The harmonious collaboration of the writer-director and actors gives the film’s central family life. Each character is fully developed without the need for long stretches of awkward, expository dialogue. Martins drops right into these characters’ lives and trusts the audience to be able to piece things together. All four of them are given generous time on their own for viewers to become accustomed and endeared to their habits, dreams, and flaws. The actors are all marvelous at imbuing humanity into the characters they portray. This may seem trite as it’s literally their job to do so, but even from the earliest parts of the movie, all four fully inhabit their characters in believable, captivating ways. A director could only dream of working with such a well-equipped ensemble.
Actress Rejane Faria in particular, turns in stellar work. She plays Tércia, the family’s matriarch, who begins to see doom everywhere she goes after a strange near-near-death encounter, leading her to believe that she has been cursed. She’s clearly on edge, but Faria never lets it become an overwhelming fear. Instead, she quietly and slowly allows it to consume her – a wise choice for a character who must keep both her household and job running. Faria is able to convey a wide-ranging array of expressions, both micro and macro, often switching between them within the same shot. It’s an impressive, severely sympathetic performance.

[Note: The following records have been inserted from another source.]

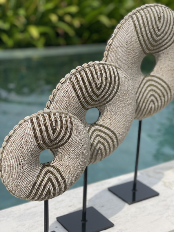 Donut kralen ornament op standaard AMBONDonut Kralen Schelpen ornament AMBON te verkrijgen in 3 maten en in de kleur zand /goud in de maten 20, 25 en 30 cm doorsnede een mooie aanvulling in uw vakkenkast of vensterbank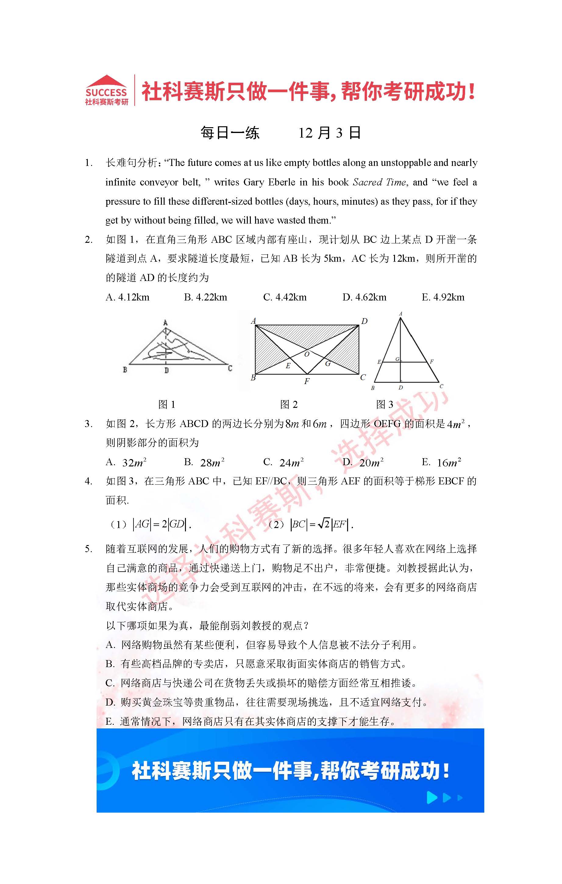 導(dǎo)讀:考研是一場持久戰(zhàn),保持良好的學(xué)習(xí)習(xí)慣,是能確保復(fù)習(xí)高效的關(guān)鍵。今天社科賽斯MBA備考網(wǎng)小編整理了“2022管理類聯(lián)考12月3日每日一練及答案”的內(nèi)容,希望能對廣大考生有所幫助。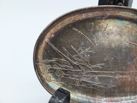 Versilberte Schale Platte mit Bambus Motiv Asiatika Dekorativ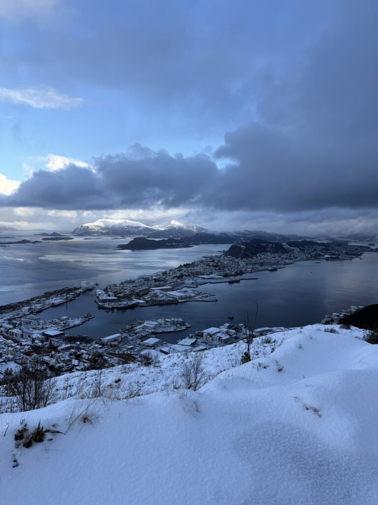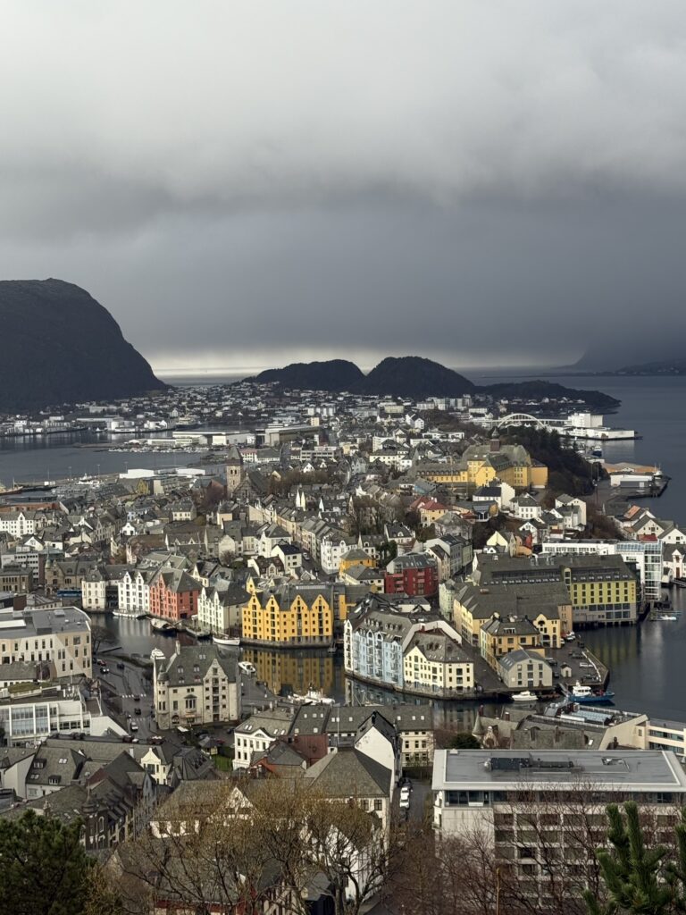 Po przyjeździe rozpoczęliśmy naszą przygodę od spaceru po malowniczym centrum Ålesund – miasta znanego z architektury w stylu secesyjnym i pięknych widoków na ocean. Weszliśmy na słynny punkt widokowy Aksla, z którego roztacza się panoramiczny widok na całe miasto i okoliczne wyspy.

While “Mars One” is captivating from start to finish, by its very nature, it does meander. It’s a film less concerned with a typical three-act narrative structure and more focused on exploring characters and themes within its own well-built world. Notably, the film begins with the election of the far-right president Jair Bolsonaro, firmly establishing a specific time and place. This upsetting political outcome looms over the story but doesn’t consume the narrative or even explicitly play into the characters’ actions and reactions. It allows the film to be instead a story of a family living through uncertain times and making it by one day at a time, just as the creeds that are repeated at the father’s Alcoholics Anonymous meetings express.
Rather than feeling like an unnecessary shadow on the story, this choice of setting helps to lend the film a tone that’s quite lovely. In the face of adversity, both amongst themselves and in their country at large, this family knows that at the end of the day, all they have is each other. They don’t take that for granted, and by witnessing their story, perhaps viewers may be reminded that the connections to those around them are truly the only things that matter in this life.